Obama is spending the weekend with his family at Camp David, the presidential retreat in Maryland, for the first time before heading to depressed towns in Indiana and Florida to campaign election-style for his recovery plan.
However, Professor Robert Reich, an adviser to Obama who served on his high-powered economic transition team, said the president’s bid to win Republican support for the bill had gone too far.
“The danger is that the government is doing too little, rather than too much,” he said. “The stimulus package is critically necessary, but I fear it is not enough.”

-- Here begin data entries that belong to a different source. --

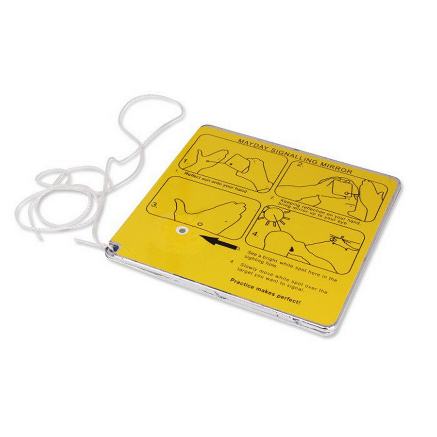 • Het is sterk en reflecterend waardoor het een bereik heeft van meer dan 16 kilometer voor de kleine spiegel en langer voor de grotere spiegel van de reddingsvlot / reddingsboot.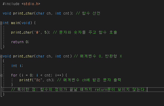 | 반환형 X | 선언 | void print_char(char ch, int cnt); |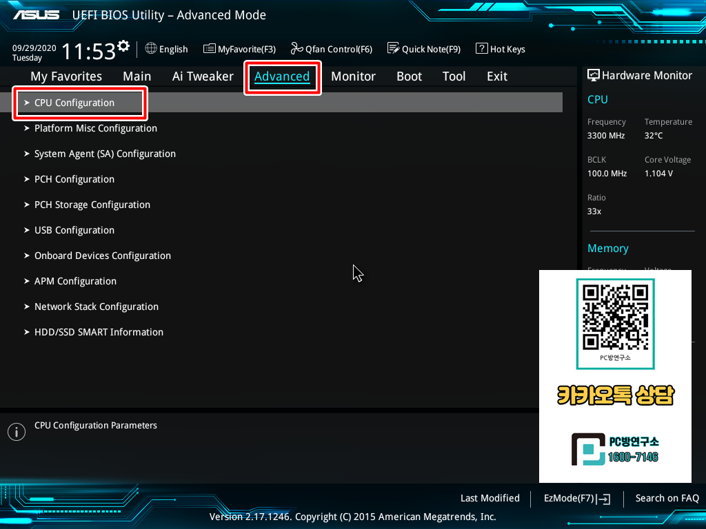 3. 상단 Advanced에서 아래 CPU Configuration 항목으로 진입합니다.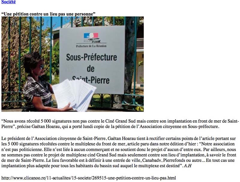 Merci encore.Le texte de la pétition présente une argumentation qui a été validée par les signataires. Les Réunionnais, et les touristes qui nous rendent visite, ont parfaitement exprimé en nombre leur opposition au lieu d’implantation du multiplexe projeté.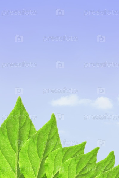 Зеленые листья на фоне неба
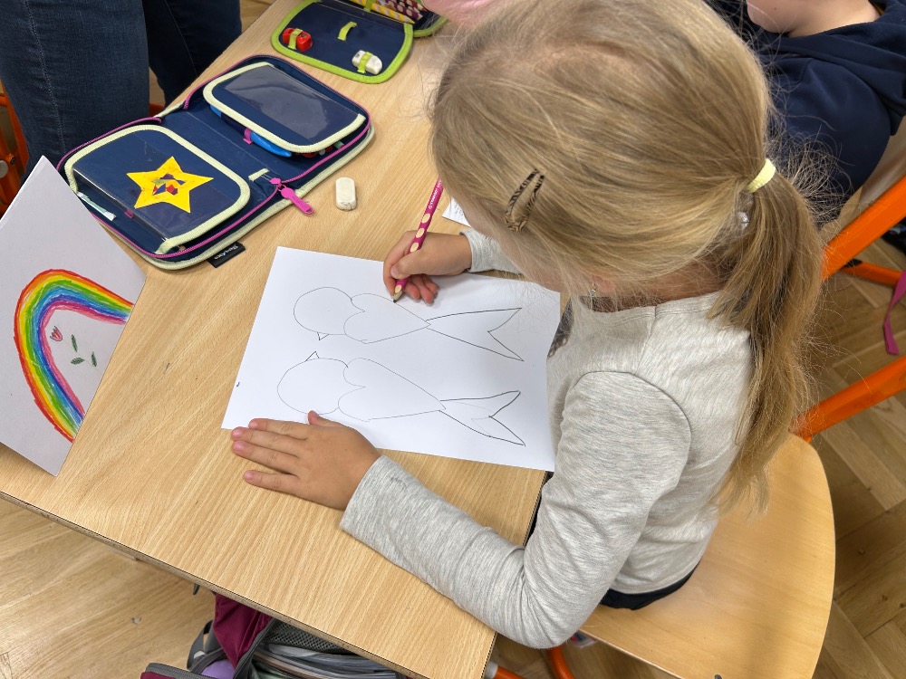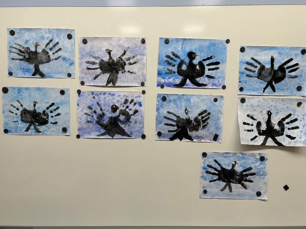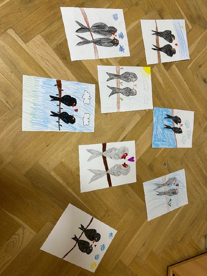 V hodinách výtvarné výchovy si vyzkoušeli různé techniky kreslení a malování tohoto tažného ptáčka. V hudební výchově jsme si o nich zazpívali několik písniček.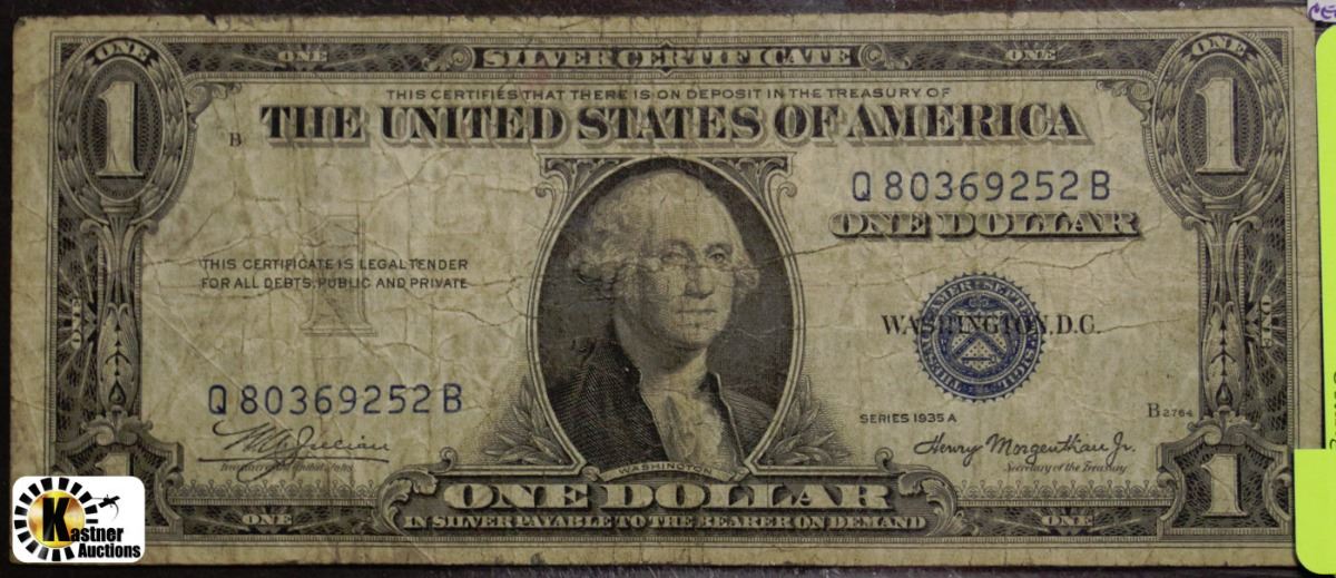 A)1935 USA 1 DOLLAR SILVER CERTIFICATE BLUE SHIELD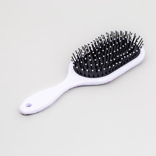 Perie de păr premium, dreptunghiulară cu perforații, textură de silicon, mâner spiralat - Negru, Alb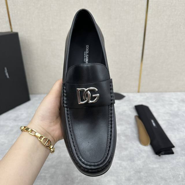 D&G Ariosto系列便鞋 官方售价 Rmb ,900 男士乐福鞋皮鞋 风格优雅考究,鞋面横带饰点缀 D-G 交叉造型徽标 简约配饰,甄选小牛皮 开边珠亮皮精制而成 内里水染牛皮里 亲肤细腻 饰品牌logo标识 ,鞋面手工缝制 尽显考究手工之美 一脚蹬圆头设计 脚型最舒适的楦型 休闲正装 原版意大利真皮大底 后跟置入橡胶底片 增强抓地性能 原包装发售!
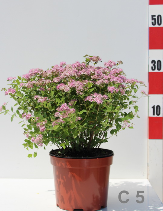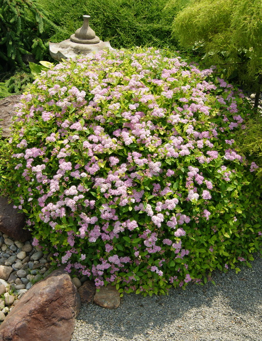 Кустарник. Высота 0,6 м, диаметр кроны 0,8 - 1 м. Крона компактная, округлая. Цветение обильное в июне-июле, цветки розово-красные собраны в щитковидные соцветия. Листья зеленые, мелкие, осенью желто-оранжевые. Обрезая весной оставляют побеги высотой 15-20 см от уровня почвы. Местоположение: Солнце. Почва свежая, садовая.

Obama had veered towards “compromising too much”, warned Reich, a professor of public policy at the University of California at Berkeley and a former labour secretary under Bill Clinton.
“I want him to get as much bipartisanship as possible, but the stakes here are very high. If the stimulus package is not effective, the recession is going to get much worse,” Reich said.
Democrats in the House of Representatives made no secret of their anger that some cherished spending programmes were cast aside to appease the Republicans, while the bill still doles out billions in tax cuts.
Democrats are furious about the slashing of $40 billion in aid to help states weather the recession; a $20 billion cut in school construction; $2 billion off a programme to expand broadband networks to rural areas; and $8 billion to “green” government buildings.
Nancy Pelosi, the powerful Democratic speaker of the House of Representatives, sparred with Obama over his determination to appease Republicans.
“Washington seems consumed in the process argument about bipartisanship, when the rest of the country says they need this bill,” she said in a thinly concealed swipe at Obama, which could presage future rows between the White House and Congress.
Pelosi described the cuts in the package as “very damaging” and said they did “violence to what we are trying to do for the future” on education and green energy.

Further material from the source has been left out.